[Exercise]
The full listing, excluding its pictures, should be printed exactly as it stands.

[Available data]
§
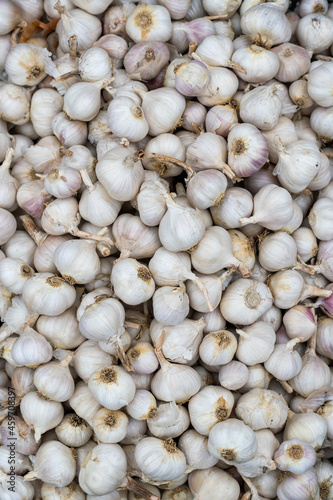 Gray heads of garlic lie on the market counter and form an abstract texture. Autumn agricultural fair.
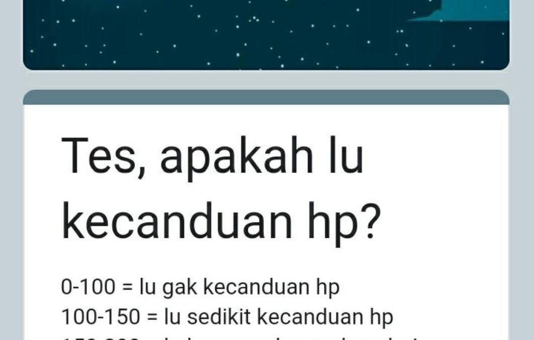 Link ujian tes kecanduan HP docs Google form dibawah ini bisa dicoba untuk mengetes apakah kamu termasuk di dalamnya.
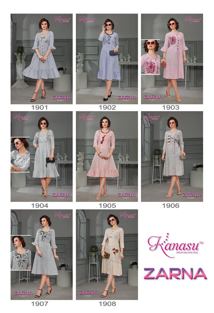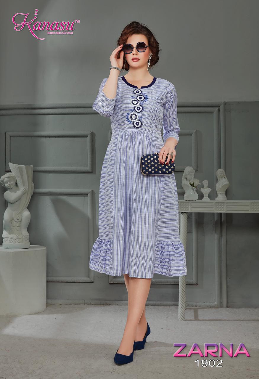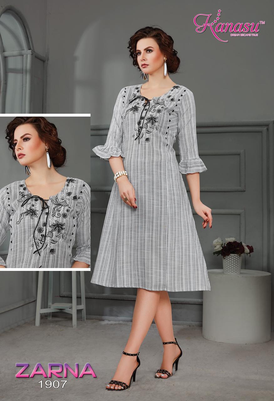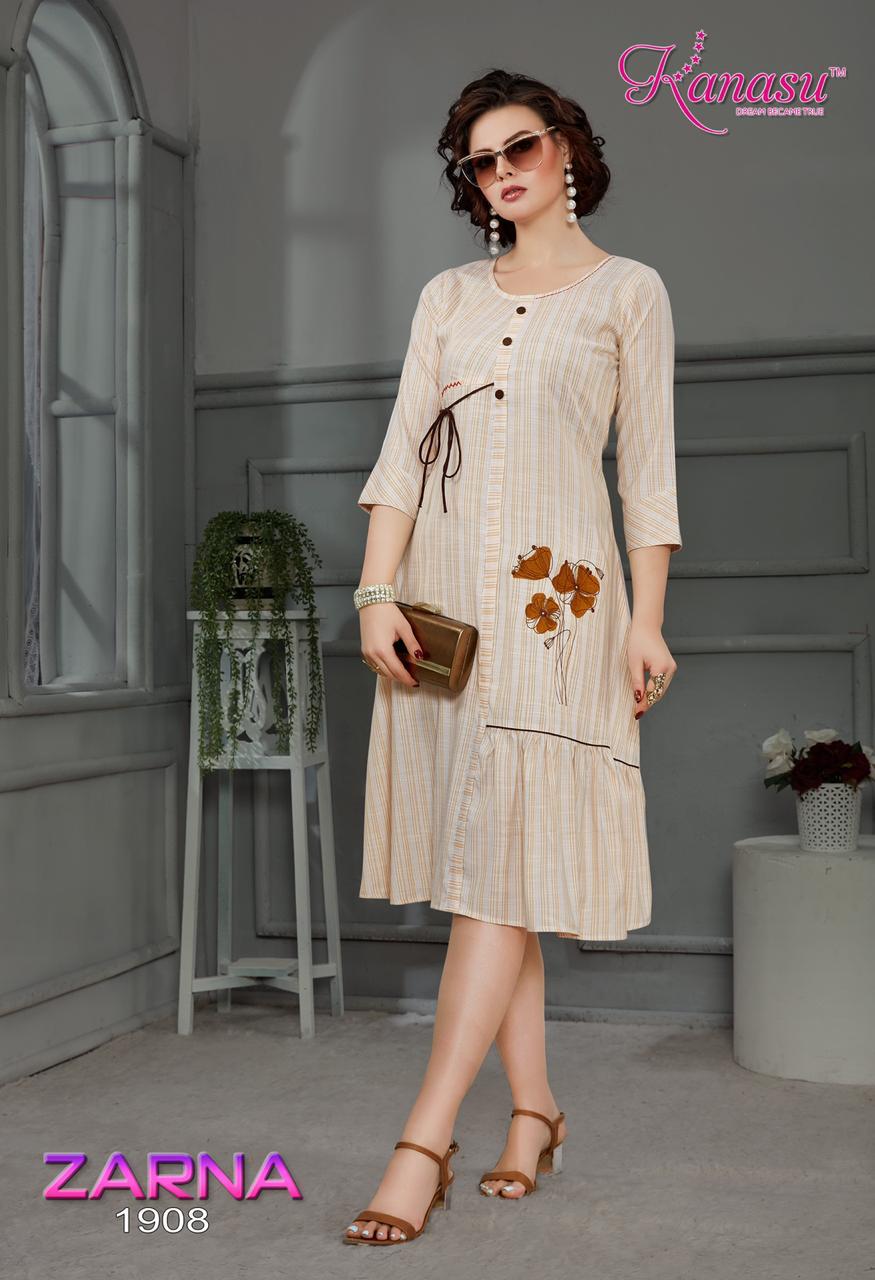 Kanasu Zarna Fancy Rayon Lining Wwith Work Pattern Kurti Collections
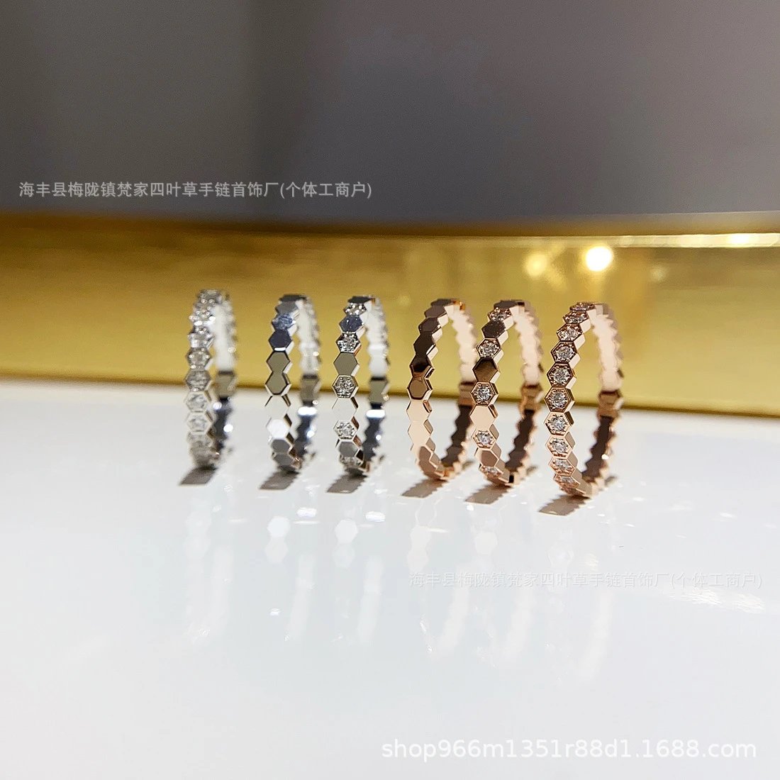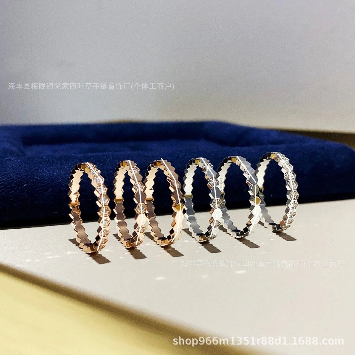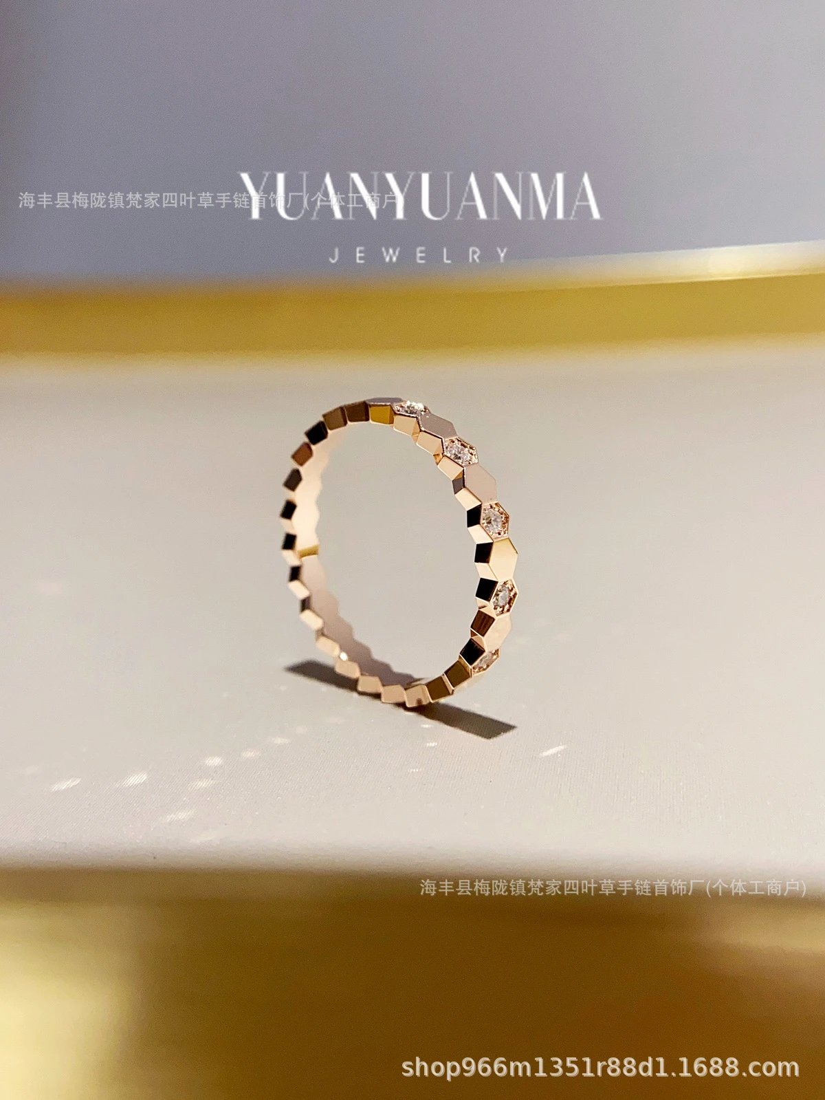 尚美蜂窝戒指 CNC菱角分明 蜂巢叠戴指环高碳钻宋慧乔同款情侣款
§
[Response to the task]
 Gray heads of garlic lie on the market counter and form an abstract texture. Autumn agricultural fair.
 Link ujian tes kecanduan HP docs Google form dibawah ini bisa dicoba untuk mengetes apakah kamu termasuk di dalamnya.
 Kanasu Zarna Fancy Rayon Lining Wwith Work Pattern Kurti Collections
 尚美蜂窝戒指 CNC菱角分明 蜂巢叠戴指环高碳钻宋慧乔同款情侣款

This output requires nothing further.